На эти стихи певица Ольга Дзусова написала музыку.. Когда та­кое случается, я буквально плачу от радости, ибо постоянное втис­кивание себя в рамки и скелеты всяких «рыб» может привести к се­рьезному умопомешательству. Но у музыкантов хард-роковой груп­пы СС-20, к которой, кстати, Дубинин относился очень скептичес­ки, не было сил и средств, чтобы обеспечить нормальную раскрутку, победить непобедимый «неформат» при помощи питательных фи­нансовых вливаний, и песня зависла. А вместе с ней и куртовская те­ма - «лучше сгореть молодым, чем коптить это небо», а я бы добави­ла: «и разлагаться при жизни».

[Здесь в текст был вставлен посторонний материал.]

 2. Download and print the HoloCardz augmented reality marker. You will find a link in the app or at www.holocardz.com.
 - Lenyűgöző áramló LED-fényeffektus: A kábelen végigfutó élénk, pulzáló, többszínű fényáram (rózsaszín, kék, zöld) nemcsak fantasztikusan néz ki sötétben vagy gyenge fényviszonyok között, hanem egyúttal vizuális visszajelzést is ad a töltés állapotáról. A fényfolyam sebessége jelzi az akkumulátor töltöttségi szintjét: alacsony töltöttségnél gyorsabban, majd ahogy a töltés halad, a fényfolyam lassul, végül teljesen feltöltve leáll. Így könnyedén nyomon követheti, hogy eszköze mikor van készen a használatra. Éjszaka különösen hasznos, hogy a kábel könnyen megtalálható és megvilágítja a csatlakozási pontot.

«Арийцы» легко пропустили «Хим. Сон» через сито своего вос­приятия, ничего в этом сите не оставив, - все проскочило в дырочки, и Сергей произнес священные слова: «Придумай что-нибудь еще!», будто я — не живой человек с опреде­ленным запасом сил и энергии, а не­кий агрегат по производству сюжетов и укладыванию мостовых из рифм.

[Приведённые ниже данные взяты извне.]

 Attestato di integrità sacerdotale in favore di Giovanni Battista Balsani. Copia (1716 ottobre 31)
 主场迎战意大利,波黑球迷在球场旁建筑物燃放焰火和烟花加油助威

Не знаю, услышали ли боги у себя в штаб-квартире мою тихую, но выра­зительную ругань, но кто-то из них прислал мне на помощь НЕПРА­ВИЛЬНОГО АНГЕЛА В ЛИЦЕ СЕР­ГЕЯ МАВРИНА (любой бывший музы­кант совсем правильным ангелом стать не может, даже если ведет сов­сем праведный образ жизни).

Я думаю, этим сжалившимся надо мной богом был Один, повелитель рун, которые я то и дело бросала после полуночи, чтобы удостовериться в правильности взятого в текс­тах курса. Маврик экспроприировал текст, долго крутил его так и эдак, подкладывал под него брутальнейшие риффы. Результат пре­взошел все ожидания: один лишь инструментал, еще без инферналь­но-проникновенного вокала, ударил наотмашь, волчий вой хлестнул по нервам. Представилась долгая, беспробудная ночь, когда всем своим существом ощущаешь опасность, нависшую над близким тебе человеком. Когда в глубине коридора тихо плачут чьи-то тени, а ты боишься повернуться спиной к открытой двери, чтобы не оказаться в роли героя романа Стивена Кинга «Кладбище для домашних жи­вотных» — он сидит за столом, именно спиной к двери, пьет молоко. Дверь открывается, комната наполняется могильным запахом — за­пахом тления человеческого тела и умирающих цветов. Герой знает, что это явилась его горячо любимая жена, которую зарезал скальпе­лем малыш-сынок и которую герой (заранее зная результат) закопал на мистическом индейском кладбище. Все похороненные там через некоторое время выбирались на свет божий, но уже как маньяки и убийцы. По-английски последняя строчка романа читалась просто убийственно. Существо подходит к герою сзади и кладет испачкан­ную глиной руку ему на плечо. «Darling, — It said». Эта фраза, пере­веденная на русский и отредактированная, теряла свою мрачную красоту.

До знакомства с отвергнутыми «арийцами» текстами для альбома «Химера» Маврик ни разу не писал музыку на готовые стихи. Нако­нец, круг творческого мученичества замкнулся. Сначала я впихива­ла свои мысли в брюхо «рыбы» териной песни, — впихнула, но не по­пала в «арийское» яблочко, — а теперь бывший «арийский» музыкант потел, укладывая свои музыкальные идеи в предложенный мною словесный футляр... Вдохновленный полученным результатом, Сер­гей решил назвать свой 3-й, тогда готовящийся к записи, альбом именно «Химический сон».

Но мои персональные приключения с этой винтовой лестницей спиралью (или «рыбой», как угодно) не закончились.